The Regularization of Zimbabwean Migrants: a Case of Permanent Temporariness

In an article titled Back to the future? Can Europe meet its labor needs through temporary, migration? Stephen Castles inquires whether temporary worker schemes introduced in Europe in the 2000s would resemble past guest worker programs which provided employers with young unskilled workers who were unmarried or had left their families at home and worked, on a “rotation basis” (Rotationsprinzip), in agriculture, construction, mining, and manufacturing. His answer to the question is no. However, he argues that “some current approaches do share important common features with past guest worker programs, especially through discriminatory rules that deny rights to migrant workers”.

The question about what rights migrants should receive after their admission and how these rights should change over time remains a highly contentious issue. Political theorist Joseph H. Carens provides an answer to this ethical dilemma. He notes that democratic states can admit migrants for a limited period of time and restrict their access to public assistance programs but other restrictions are morally problematic. His argument is based on the assumption that the claim to be a member of a political community grows as time spent in a country increases, irrespective of the condition of sojourn or immigration status. According to Carens, membership acquired over an extended period of time spent in a society explains why prolonged temporary status ought to lead automatically to permanent residency.

In South Africa, the increase in asylum claims, which occurred between 2008 and 2011, led the Department of Home Affairs to implement restrictive practices and policies, stemming both physical access at the border and at the refugee reception offices, as well as access to protection in adjudication procedures. In response to this crisis, one policy adopted in 2010 to ease the pressure on the asylum system was the implementation of a large regularization program for Zimbabwean nationals, the Dispensation of Zimbabweans Project – or ‘DZP’ – allowing Zimbabwean holders of this special permit to work, conduct business and study in South Africa.
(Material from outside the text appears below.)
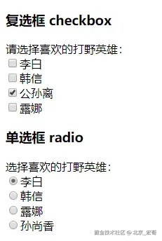 <h3>单选框 radio</h3> 选择喜欢的打野英雄:<br>

In August 2014, four months before the expiration date of the Zimbabwean special permits, the Minister of Home Affairs announced the launch of a new Zimbabwean Special Dispensation Permit (ZSP) targeting DZP permit-holders who wished to remain in South Africa after the expiry of their permits. The ZSP allowed permit-holders to live, work, conduct business and study in South Africa for an additional three years until 31 December, 2017. Despite having announced in 2016 that the ZSP would be terminated at the end of 2017, the DHA later announced the availability of the new Zimbabwean Exemption Permit (ZEP) which allowed ZSP holders to work, study and conduct business for an additional period of four years until 31 December 2021.
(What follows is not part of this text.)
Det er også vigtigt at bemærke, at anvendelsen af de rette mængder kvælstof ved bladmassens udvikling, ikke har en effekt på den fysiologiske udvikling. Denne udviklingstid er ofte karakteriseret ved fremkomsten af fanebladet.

However, unlike previous regularizations which were designed to grant permanent residence status in South Africa the DZP, ZSP and ZEP programmes did not allow permit-holders to apply for permanent residence despite their long, continuous tenure in the country. This exclusionary practice raises numerous concerns. In South Africa, all temporary workers are excluded from accessing social assistance, are not entitled to claim unemployment funds and are excluded from accessing unemployment insurance if they are ill or on maternity or adoption leave. Access to housing and basic education for temporary workers is also restricted by the government. Moreover, low-skilled temporary workers are much more likely to occupy low-wage, precarious jobs than South Africans. In addition, temporary workers are tied to a specific kind of work and are not allowed to change employers. Such restrictions can make migrant workers vulnerable and subject to abuse and exploitation.
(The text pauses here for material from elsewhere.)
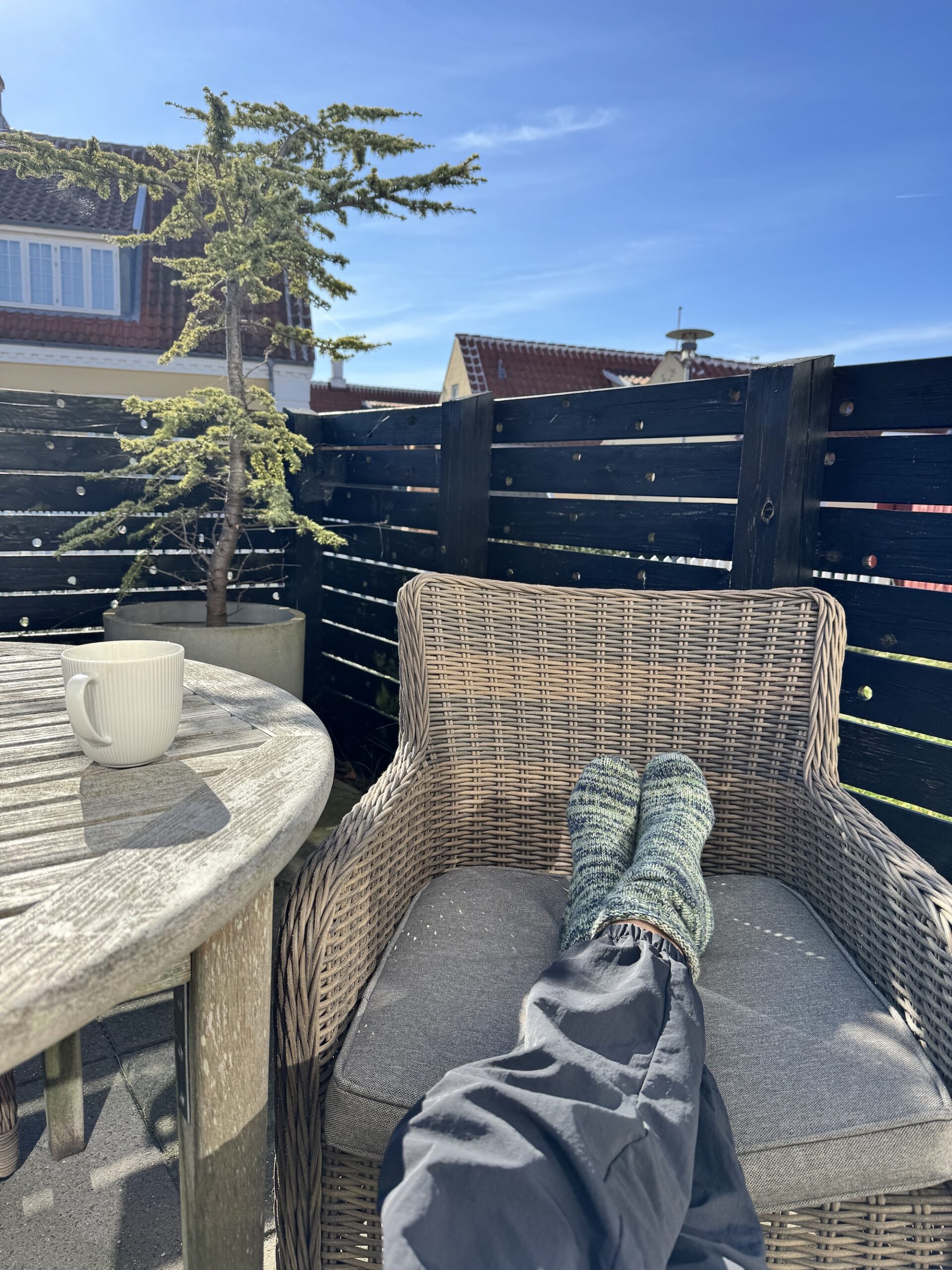 Udearealet på 115 m2 er delvist flisebelagt, delvis beplantet med marehalm og har flere solrige kroge med borde, stole og liggestole.

The Constitution of South Africa guarantees equality before the law and the right to equal protection and does not justify discrimination based purely on residency. Yet temporary low-skilled workers are vulnerable to exploitation and are not afforded equal protection. Originally meant to last only for a period of four years, regularization programmes for Zimbabweans, are, at the time of writing, in their eighth year of implementation. Such programmes do not intend to address short term labor shortages in South Africa, as the nature of the work that permit-holders conduct is not temporary. Yet permit holders will be excluded from a pathway to permanent residency. The limitation of certain legal rights (e.g., right to vote or to hold high public office) is justifiable when temporary migrants are only permitted to remain for a limited time but not when temporary visas are renewed numerous times for multiple consecutive years. In this case, at some point, temporary visa holders should be converted into permanent residence and temporariness should come to an end. Non-access to permanent residency, in fact, makes migrant workers more vulnerable and their “temporary status” creates barriers to a meaningful assertion to work-related and social rights.